**PROBLEM STATEMENT:** Without any pictures, print the lines below from the one that has "Arkusz dodatków do" through the one that has "In Textpattern, click", exactly and nothing else.

**WORKING DATA:**
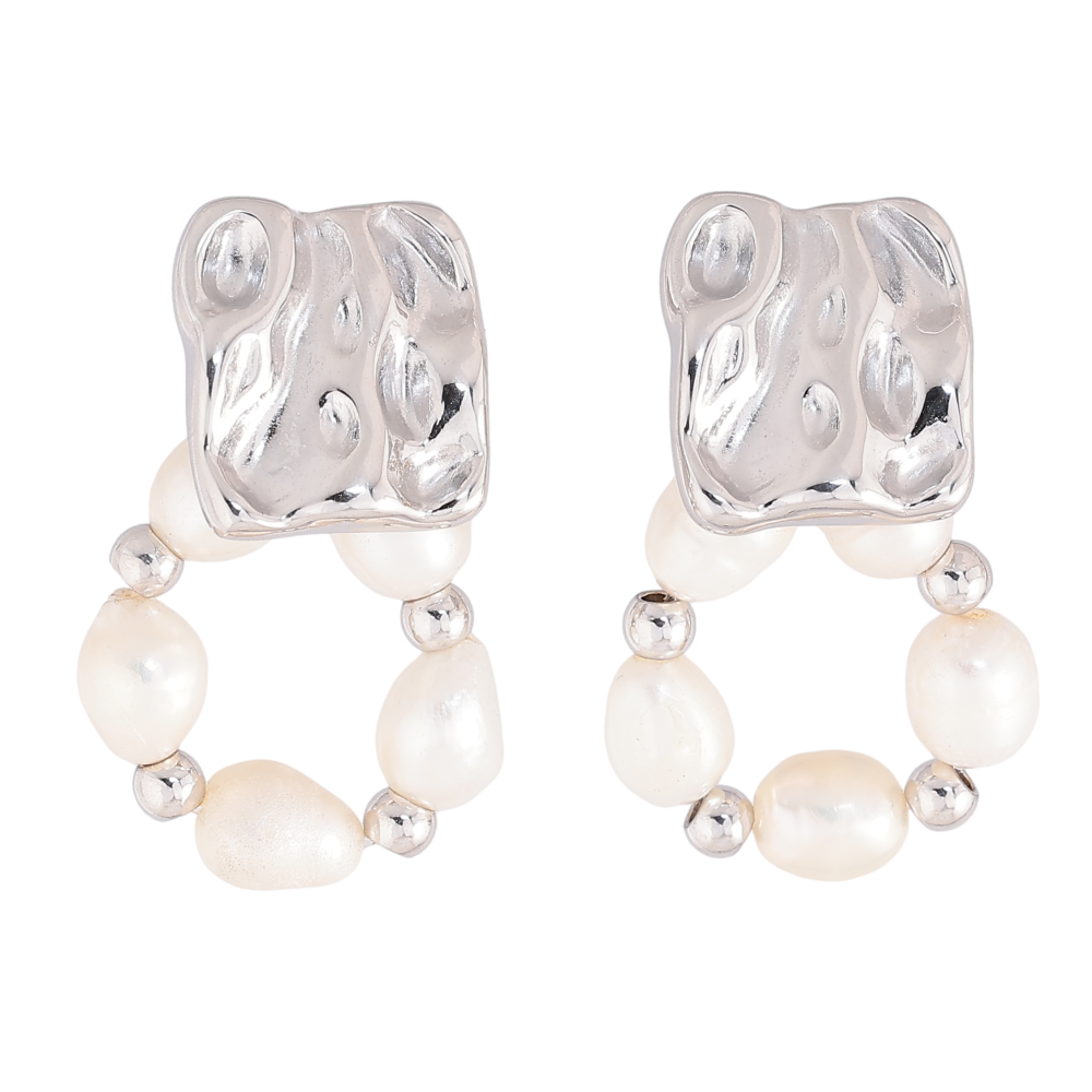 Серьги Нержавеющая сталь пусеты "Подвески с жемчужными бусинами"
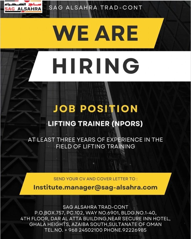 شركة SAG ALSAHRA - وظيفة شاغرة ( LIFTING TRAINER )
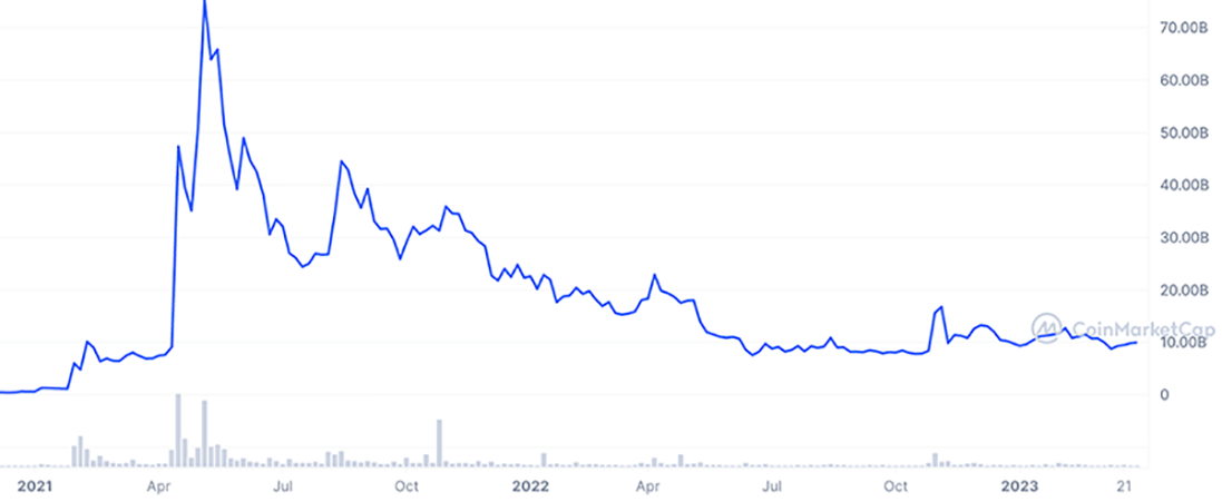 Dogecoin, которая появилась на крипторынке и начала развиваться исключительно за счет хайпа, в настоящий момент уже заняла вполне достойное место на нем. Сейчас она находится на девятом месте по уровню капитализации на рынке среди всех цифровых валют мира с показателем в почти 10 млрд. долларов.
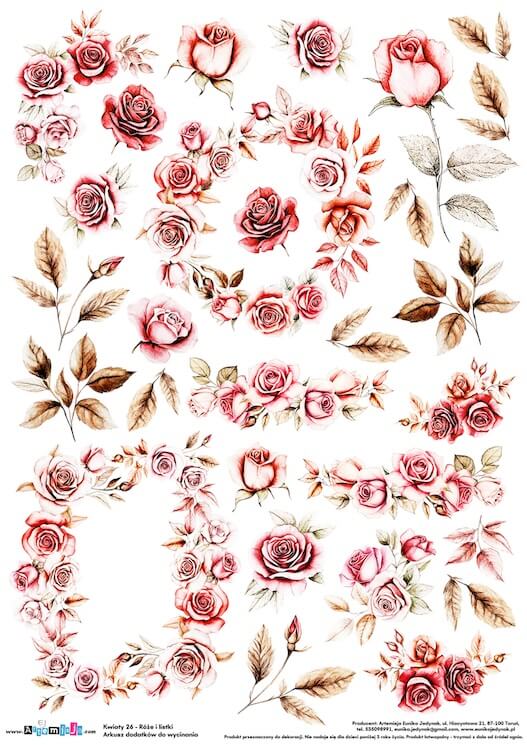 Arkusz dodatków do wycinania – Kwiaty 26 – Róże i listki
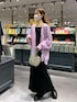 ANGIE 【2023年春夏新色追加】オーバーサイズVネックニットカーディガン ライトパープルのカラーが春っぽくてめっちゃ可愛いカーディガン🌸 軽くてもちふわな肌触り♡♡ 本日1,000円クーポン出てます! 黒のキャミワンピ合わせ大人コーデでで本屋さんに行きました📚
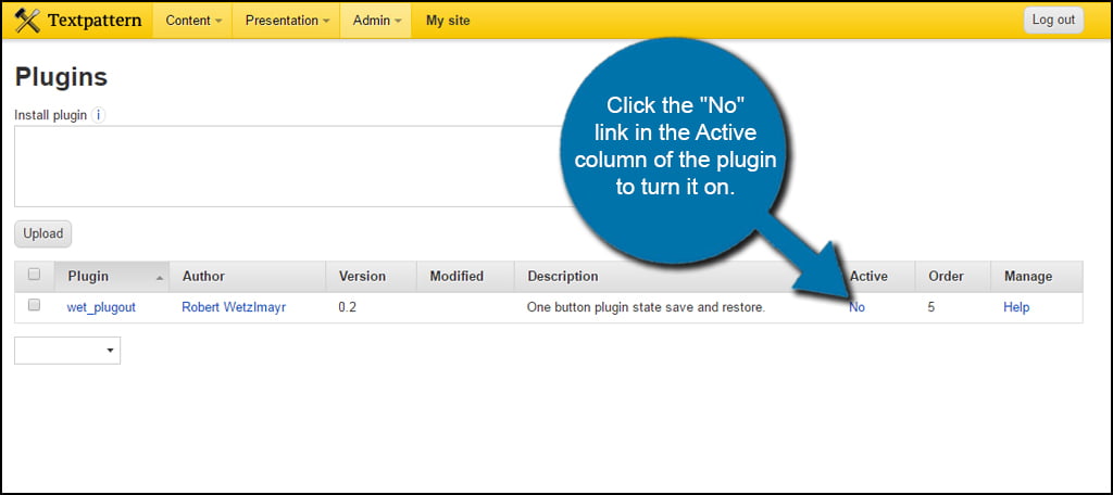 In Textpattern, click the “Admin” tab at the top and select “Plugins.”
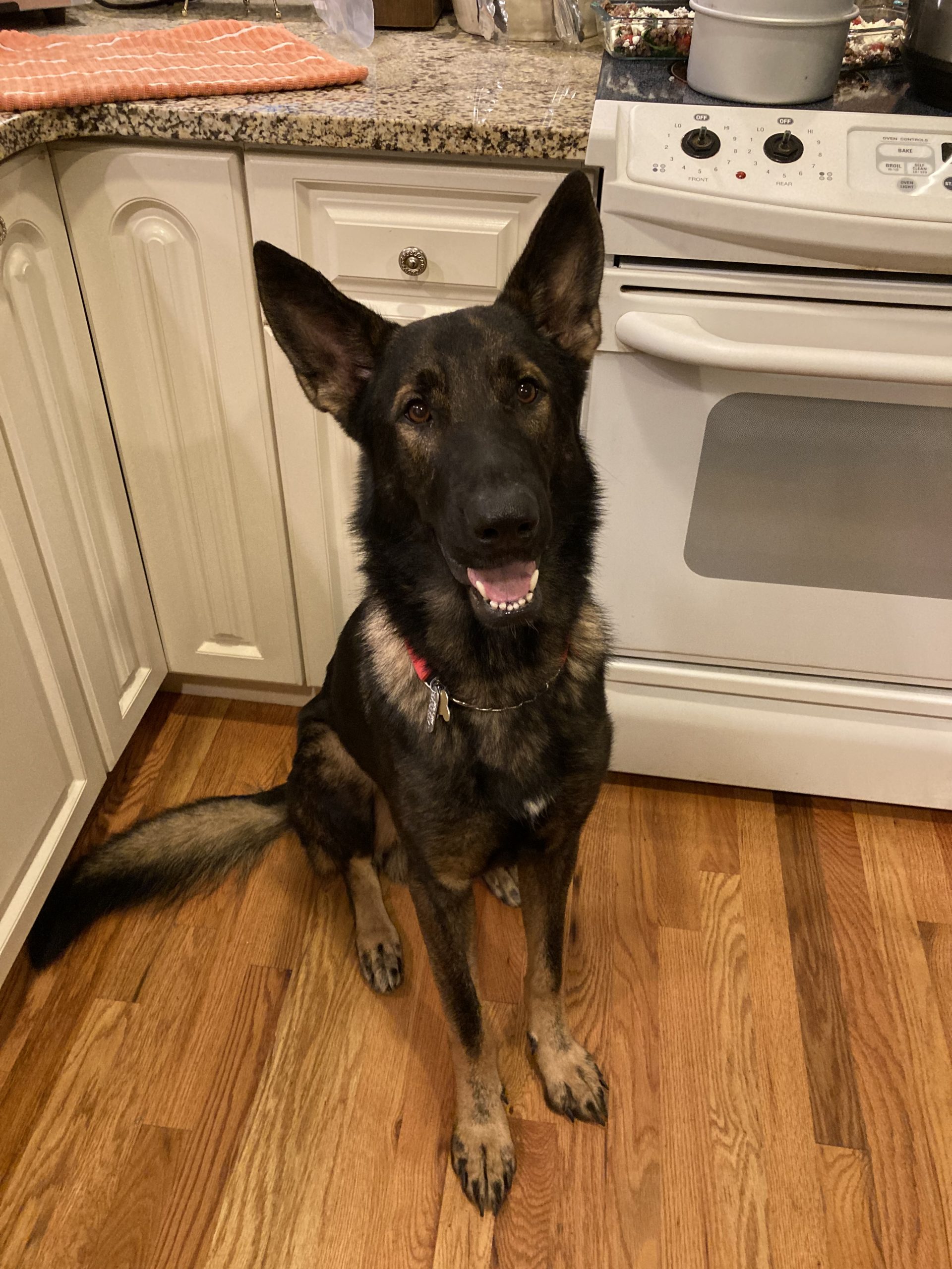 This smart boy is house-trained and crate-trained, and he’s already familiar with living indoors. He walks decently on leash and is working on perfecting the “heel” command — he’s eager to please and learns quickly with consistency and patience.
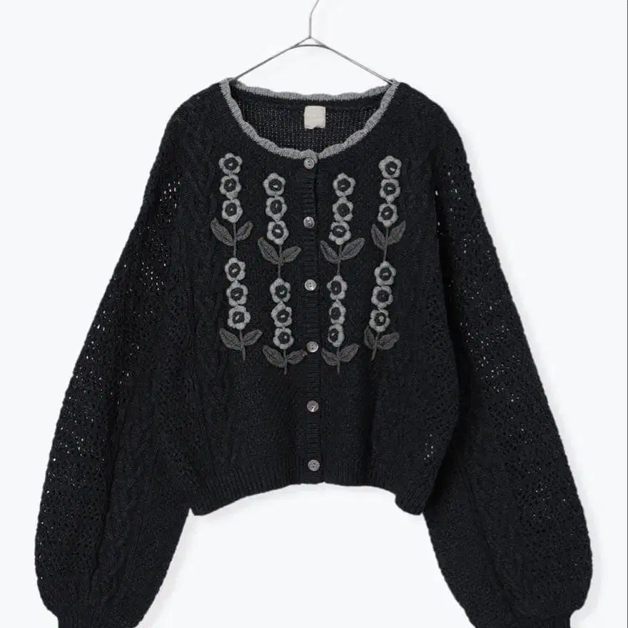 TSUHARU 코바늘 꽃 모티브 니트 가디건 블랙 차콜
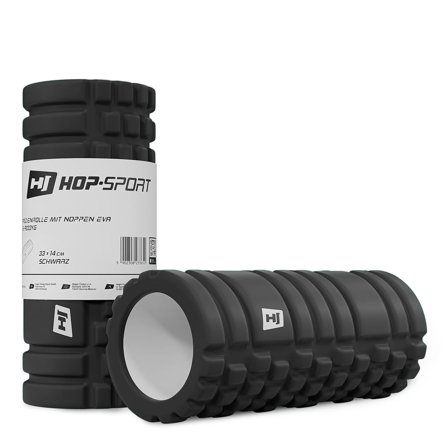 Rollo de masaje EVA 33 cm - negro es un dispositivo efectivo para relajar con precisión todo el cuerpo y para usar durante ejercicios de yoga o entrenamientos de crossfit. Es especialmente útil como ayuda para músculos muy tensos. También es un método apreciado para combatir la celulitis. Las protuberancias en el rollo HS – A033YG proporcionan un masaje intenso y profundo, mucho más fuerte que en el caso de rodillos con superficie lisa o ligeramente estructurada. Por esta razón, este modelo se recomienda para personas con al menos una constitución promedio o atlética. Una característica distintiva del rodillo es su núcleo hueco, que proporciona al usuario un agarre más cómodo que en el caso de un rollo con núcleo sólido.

**RESULT OF THE TASK:**
 Arkusz dodatków do wycinania – Kwiaty 26 – Róże i listki
 ANGIE 【2023年春夏新色追加】オーバーサイズVネックニットカーディガン ライトパープルのカラーが春っぽくてめっちゃ可愛いカーディガン🌸 軽くてもちふわな肌触り♡♡ 本日1,000円クーポン出てます! 黒のキャミワンピ合わせ大人コーデでで本屋さんに行きました📚
 In Textpattern, click the “Admin” tab at the top and select “Plugins.”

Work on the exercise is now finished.